We thank the Reviewer for the observation. The indicated text was revised.

Reviewer 2 Report

This manuscript deals with synthesis and characterization of electrochemical (the Impedance Spectroscopy, Cyclic and Square Wave voltammetry) and structural (the optical microscopy, powder X-ray diffraction, X-ray
Rietveld refinement, Fourier Transform Infrared and Raman vibrational spectroscopies) of lanthanum-doped hydroxyapatite. Rare earth-doped hydroxyapatites are good candidates to applications in different fields,
including biomedicine and regenerative medicine owing to its biocompatibility, bioactivity, osteoconductivity, and reduced toxicity and inflammatory properties. Indeed, this complex and deep study allowed to suggest that lanthanum-doped hydroxyapatite is highly promising material for sensing applications due to its sensitivity, repeatability and reusability.

I have no significant critical arguments against the publication of this work.
Small remarks:

1) a large number of abbreviations makes it very difficult to read the article.
2) It would be good to discuss the accuracy of the data obtained. The least-square errors given for the structural results obtained by the Rietveld method look greatly overestimated.

Author Response

- a large number of abbreviations makes it very difficult to read the article.

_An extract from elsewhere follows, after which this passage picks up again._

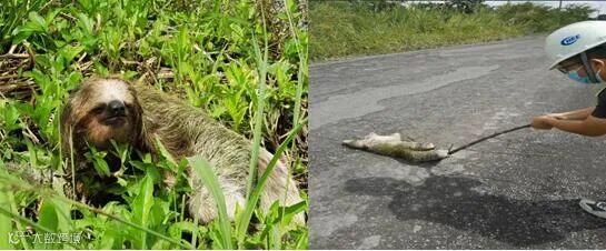 哥斯达黎加被称为野生动物的天堂,拥有非常丰富的物种。施工区域总有树懒、巨嘴鸟、猴子、蛎蜥、鳄鱼、鳄龟等野生动物光顾。大家尽可能不惊扰动物的正常活动,保护桥下动物的栖息环境,必要时为它们提供保护和帮助。树懒是当地动物的重要代表,因行动迟缓,且沿线动物通道建设还未完善,他们越过道路或桥面时容易被往来车辆碾压,一旦发现有野生动物要横穿马路,我们会临时封闭交通,为它们建立安全屏障,协助其安全通过。

We agree with the Reviewer. We removed three acronyms: RE (reference electrode), CE (counter electrodes) and CA (chronoamperometry) as not necessary. In our opinion, other abbreviations serve to keep the text unburdened.

- It would be good to discuss the accuracy of the data obtained. The least-square errors given for the structural results obtained by the Rietveld method look greatly overestimated.

Taking into consideration the Reviewer's suggestion, we discussed the accuracy of the obtained data by adding the following sentence:

'The presence of a high background signal at small 2 theta angles in all the La-HAP samples and of an additional crystalline phase even though with a small percentage prevent the refinement process from providing high-precision results. This does not lower the quality of the structural characterization presented in this paper.'

Reviewer 3 Report

The  manuscript  “Electrochemical and structural characterization of lanthanum-doped hydroxyapatite: a promising material for sensing applications” by  Rocco Cancelliere et al. describes a  set of  several  Re doped Hap. The emphasis is on the  Electrochemical characterization.

I am not sure if the Electrochemical characterization in solution is  applicable or can be directly  transferred to  “printed” layers.  I don’t see how 1.4-dioxane is  environmentally  friendly.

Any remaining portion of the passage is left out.